Wojciech Łobodziński:
„To był mecz bardzo dobry z obu stron, najlepsza wizytówka I ligi oraz zawody na poziomie Ekstraklasy. Jeśli chodzi o mój zespół, to było spotkanie kilku faz. Zaczęliśmy bardzo dobrze, pierwsze dwadzieścia minut mieliśmy pod kontrolą, ale po zdobytej bramce niepotrzebnie oddaliśmy inicjatywę. W samej końcówce mieliśmy zaś trzy okazje do strzelenia gola i tylko zasługą bramkarza Widzewa było, że tutaj nie wygraliśmy. Bardzo przyjemnie mi się tutaj pracowało – oby więcej takich meczów w I lidze, ponieważ to jest sól piłki. Było bardzo fajnie.”
Janusz Niedźwiedź:
„Patrząc z perspektywy osób oglądających ten mecz, to było widowisko godne lidera i wicelidera. Bardzo dużo się działo – to była dobra reklama I ligi ze świetnym dopingiem i otwartą grą piłkarzy. To spotkanie było tak otwarte, że mogło potoczyć się w obie strony. Zarówno my mogliśmy wygrać kilkoma bramkami, jak i Miedź mogła to zrobić. W pierwszych dwudziestu minutach nie byliśmy sobą – w pierwszej fazie budowania akcji byliśmy zbyt mało odważni, nie byliśmy w stanie wykorzystywać przestrzeni. Gdy się otrząsnęliśmy, to już przegrywaliśmy 0:1, więc dobrze, że jeszcze przed przerwą udało nam się zdobyć bramkę.
Po przerwie nasza gra była już dużo lepsza, szybsza, zaczęliśmy tworzyć sobie dogodne sytuacje.

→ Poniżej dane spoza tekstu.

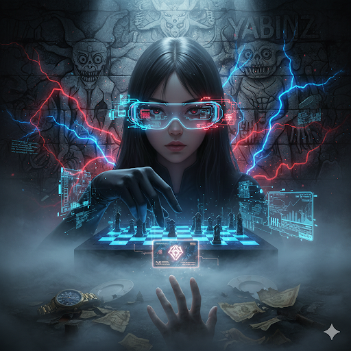 金髪で眼鏡をかけた知的な女性ナジカが、霧に包まれたガラス状のチェス盤上で駒を動かそうとしている。背後には古代の怪異を刻んだ石壁と青赤に発光するデジタル回路が融合し、神話とサイバーノワールが交錯する緊張感あるシーン。 お金と副業
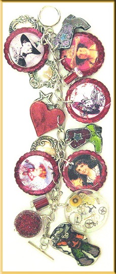 Our town’s Molly Quiqley Hughes has a website, and it is chocked full of charm bracelets designed by Santa Fe artist, Betty Kyle. What makes all of these bracelets so special is that they are all themed and made of bottle caps enchanced with altered art images. Her variety includes the Western-themed bracelet shown…….just in time for Rodeo, of course! However, there are also many other themes to choose from……..Asian-inspired, Frida Kahlo, Women in Art and the Wizard of Oz to name a few of these museum-quality pieces.
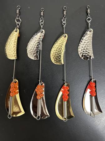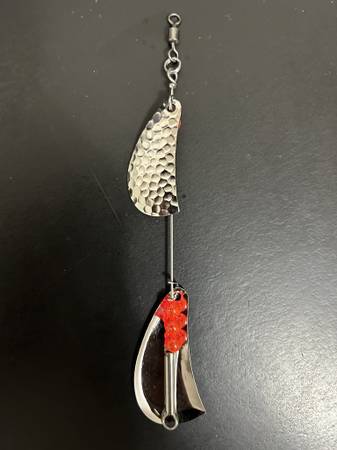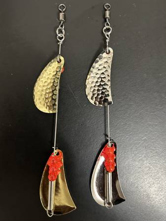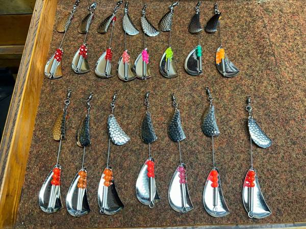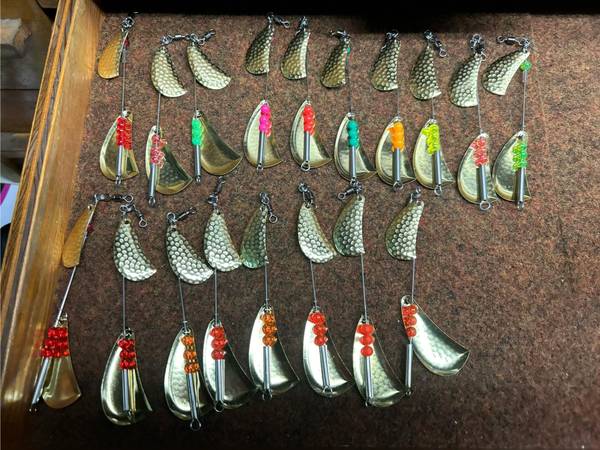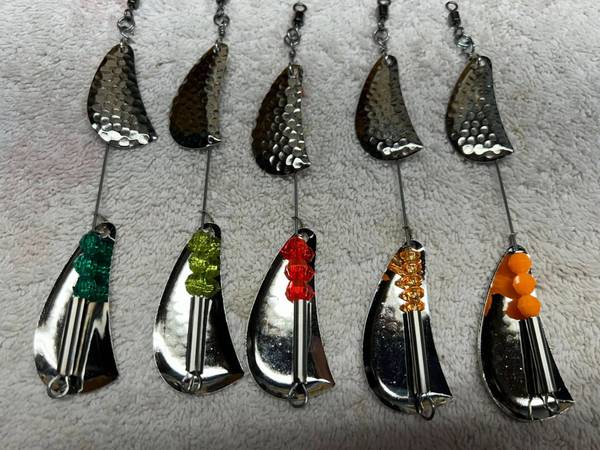Hand made #5 Doc Shelton Spinner clones, Hammered Nickel, Hammered Brass and Smooth nickel. Over 100 sold. Many bead color options just ask! We used these in the 60's and 70's than they quit making them. Lures, Spinners, Trolling. Trout, Blueback, Steelhead, Kokanee, Fishing, Rivers and Lakes. $5.50 each. Shipping available .
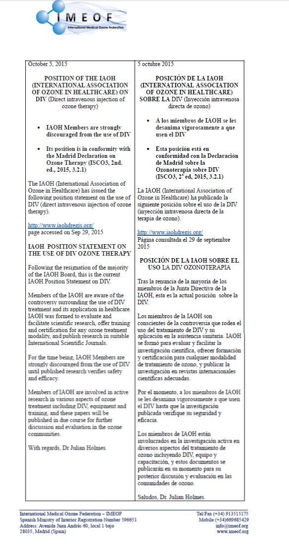 POSICIÓN DE LA IAOH (International Association of Ozono in Healthcare) SOBRE LA DIV (Inyección intravenosa directa de ozono)
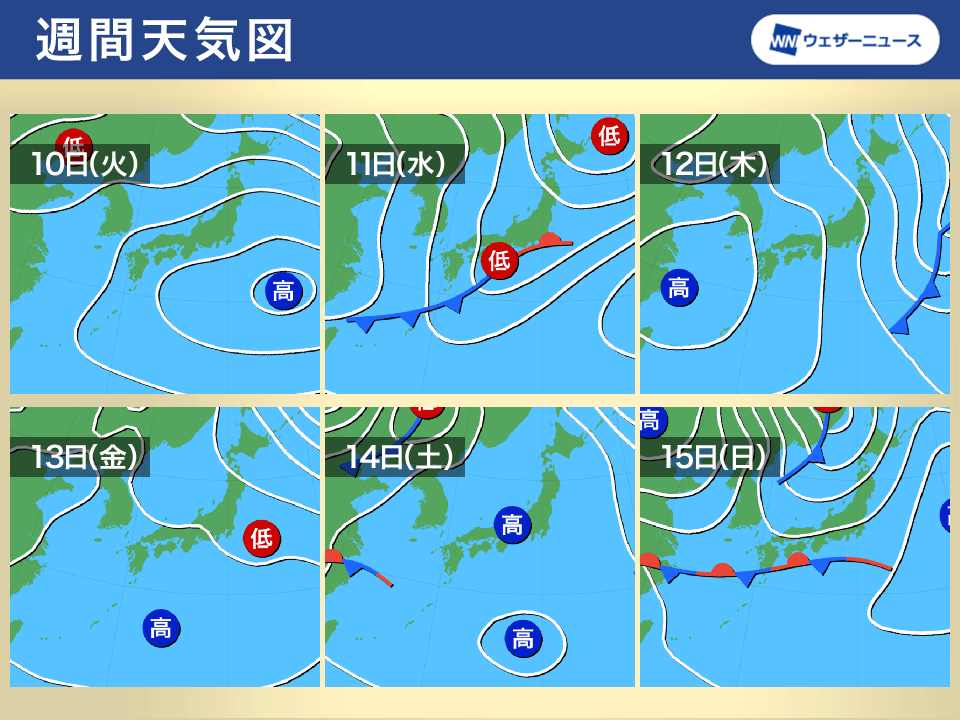 その後は天気が数日周期で変わり、週末には前線や湿った空気の影響で雲が増え、一部では雨の降る可能性があります。
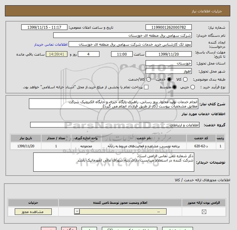 شرح کلی نیاز: انجام خدمات تولید محتوا، بروز رسانی، راهبری پایگاه خبری و جایگاه الکترونیک شرکت

Wydawało się, że za chwilę strzelimy na 2:1, a potem poprawimy na 3:1, tymczasem w ostatnich minutach mogło się to skończyć 1:3. Powiem kolokwialnie – po tym meczu jest dwóch rannych i żadnego zabitego. Chcieliśmy zdobyć dzisiaj trzy punkty, mamy jeden, ale musimy pamiętać, że trafiliśmy na dobrze dysponowany zespół Miedzi i trzeba go docenić.”
Karol Danielak:
„Musimy uszanować ten punkt, bo przegrywaliśmy, a udało nam się wyrównać. Niezadowoleni możemy być przede wszystkim z tego, że zagraliśmy poniżej naszych możliwości w pierwszej połowie – tę część spotkania troszkę przespaliśmy i to jest coś, co musimy poprawić. Dobrze, że pokazaliśmy siłę mentalną drużyny – jesteśmy świadomymi zawodnikami i potrafimy stawać wszyscy razem w obliczu wyzwań. Do lepszej gry napędziła nas bramka do szatni, a w końcówce zawalczyliśmy o utrzymanie wyniku – Kuba Wrąbel kolejny raz pokazał, że jest świetnym zawodnikiem i zamurował bramkę.”
Jakub Wrąbel:
„Wydaje mi się, że był to trochę szalony mecz, bo w pierwszej połowie Miedź stworzyła sobie trochę sytuacji, ale wydaje mi się, że tak naprawdę my też mieliśmy kilka dobrych okazji bramkowych. Ten mecz mógł zakończyć się wyższym wynikiem z obu stron, ale zakończył się remisem, także wydaje mi się, że trzeba ten punkt szanować, bo dalej jesteśmy liderem. Wydaje mi się, że przez pierwsze trzydzieści minut byliśmy pogubieni na boisku, ale później już przejęliśmy kontrolę, mogliśmy strzelić bramkę i ustawić ten wynik bardziej pod siebie, ale mecz skończył się remisem, także trzeba to szanować.”
Patryk Stępiński:
„To było dla nas ciężkie spotkanie. Zespół Miedzi był nastawiony na to, że gdy my wysoko do nich podchodziliśmy, to grali prosty futbol, długą piłkę na napastnika czy na skrzydłowego, strącali piłki za nasze plecy i ścigali się. To był dzisiaj ich pomysł. My w kilku sytuacjach nie zapobiegliśmy temu i Miedź szczególnie w pierwszej połowie stworzyła sobie kilka takich sytuacji. W drugiej połowie już poza końcówką nie stwarzali jakiegoś większego zagrożenia.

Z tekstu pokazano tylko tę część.